"Wrong," he chuckled slyly. "It's literature this time, or what passes as such. They're threshing out the immortal ode on the 'Victory of Samothrace.'"

Bernard Graves laughed, also, at some jest well understood, and moved to watch this eddy in the astonishingly widespread discussion of an anonymous poem, of a certain rhetorical vigor, which had been Interpreted by some critics as a plea for woman suffrage. At this juncture Mrs. Hilliard suddenly bore down upon them, flourishing a yellow paper.

"Such news, such news!" she called. "Here's a telegram—a telegram from our candidate. He is nominated! Mr. Shelby is nominated. Think of it! One of our members! And he has wired the good news to us first of all!" She searched vainly for her glasses—her big blue eyes were astigmatic—and finally, with an impatient "You read it to them all," thrust the message into Volney Sprague's reluctant fingers.

He unfolded and read the paper, in lively quandary whether her choice were as haphazard as it seemed:—

"Nominated on first ballot. Home ten-thirty. Coming directly to club.
It stands first.

"C. R. SHELBY."

"Isn't that simply dear of him?" demanded Mrs. Hilliard. "We come first. He remembers us in his hour of triumph. It shows the true nature of the man."

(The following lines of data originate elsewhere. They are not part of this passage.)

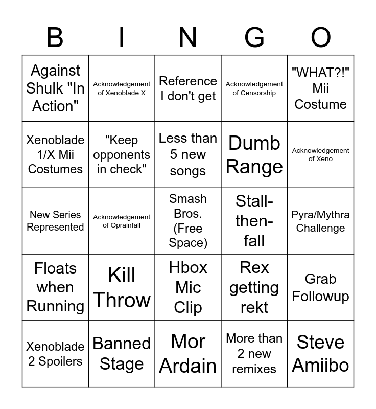 This bingo card has a free space and 24 words: Kill Throw, Banned Stage, Less than 5 new songs, Xenoblade 2 Spoilers, "WHAT?!" Mii Costume, Against Shulk "In Action", Xenoblade 1/X Mii Costumes, Acknowledgement of Xenoblade X, Stall-then-fall, Hbox Mic Clip, Dumb Range, New Series Represented, Rex getting rekt, Grab Followup, "Keep opponents in check", More than 2 new remixes, Pyra/Mythra Challenge, Reference I don't get, Acknowledgement of Xeno, Acknowledgement of Oprainfall, Steve Amiibo, Floats when Running, Acknowledgement of Censorship and Mor Ardain.
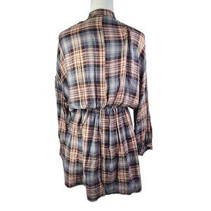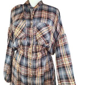 NWT HYFVE Brown Black Tartan Plaid Flannel Long Sleeve Shirt Babydoll Dress
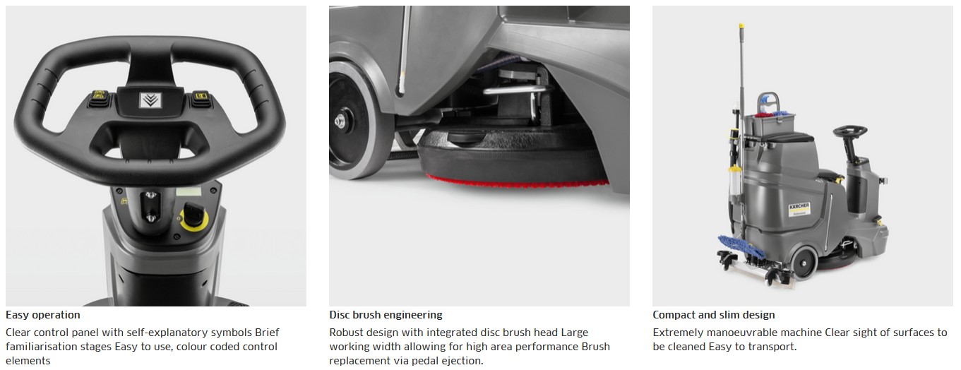 Driven by 105 Ah batteries (included with a matching charger), this reliable entry-level model provides excellent runtime and cleaning performance using robust disc brush technology. Its compact and slimline design allows operators clear visibility of the cleaning area, while simple colour-coded controls and intuitive operation reduce training time and ensure user confidence.
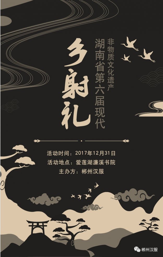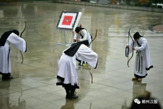 西历2016年11月20日,由岳阳汉服及湖南理工学院巴陵汉风文化社主办,于岳阳市博物馆前坪举行了湖南省五届乡射礼暨湖南省第二届传统弓箭交流赛。
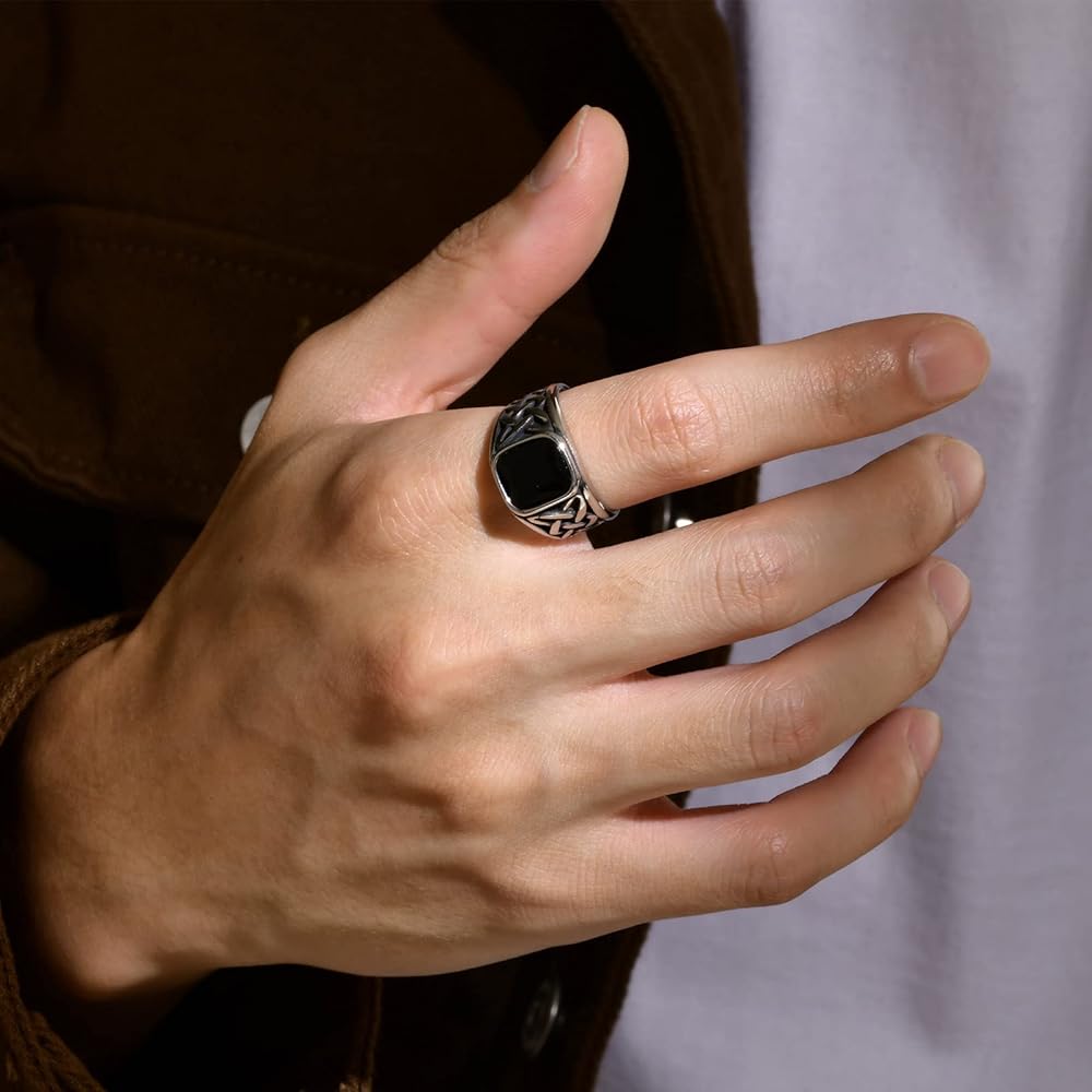 • خاتم العقيق بعقدة سلتيك للرجال: هذا النوع من خاتم الإصبع الكلاسيكي للرجال مصنوع من نمط العقدة السلتية والعقيق الأسود، العقدة السلتية ترمز إلى الدوام والاتصال والإيمان السلتي باستمرارية الحياة. العقيق الأسود هو حجر يمنح القوة، فهو يساعد على الثقة ويحسن التركيز. تُظهر جميعها سحرك الشخصي وذوقك وإيمانك بالثقافة السلتية.
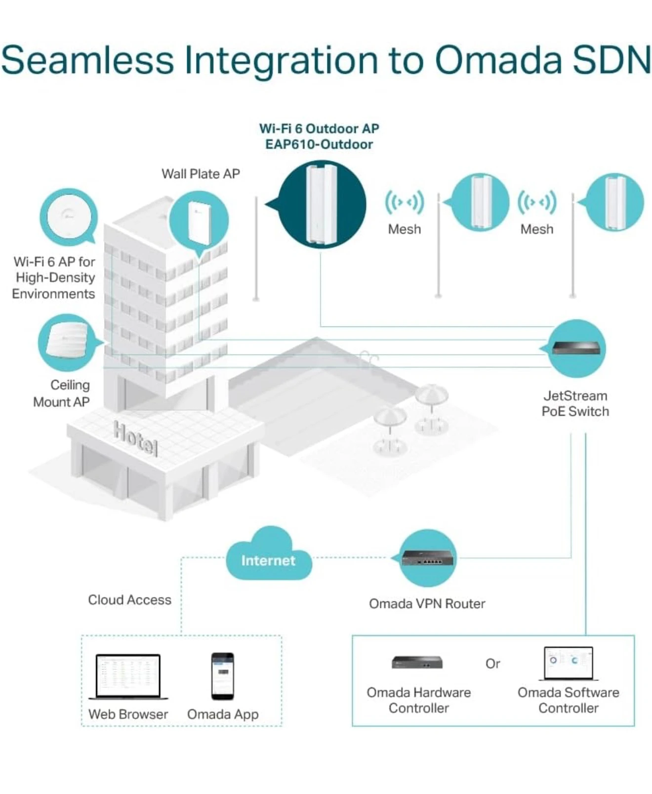 Point d’accès WiFi extérieur TP-Link Omada EAP610-Outdoor AX1800, offrant une connexion rapide et stable grâce au WiFi 6. Résistant aux intempéries (IP67), il dispose d’un port Gigabit Ethernet avec support PoE/PoE+ pour une installation simplifiée. Idéal pour les entreprises, hôtels, écoles ou espaces publics, il assure un roaming transparent et une couverture étendue avec la technologie Omada Mesh.

"It does indeed," grumbled Sprague, shifting within pinching distance of Bernard Graves, whom he had seen grinning in the background during the reading. "It's a barefaced bid for votes."

Mrs. Hilliard's enthusiasm demanded a vent.

"He'll be here in five minutes," she exclaimed, peering at the hall clock. "The message was delayed somehow, and his train is due now. We must devise a reception. We owe it to him. He thought of us. We must think of him. What shall we do? Think, think, you clever people!"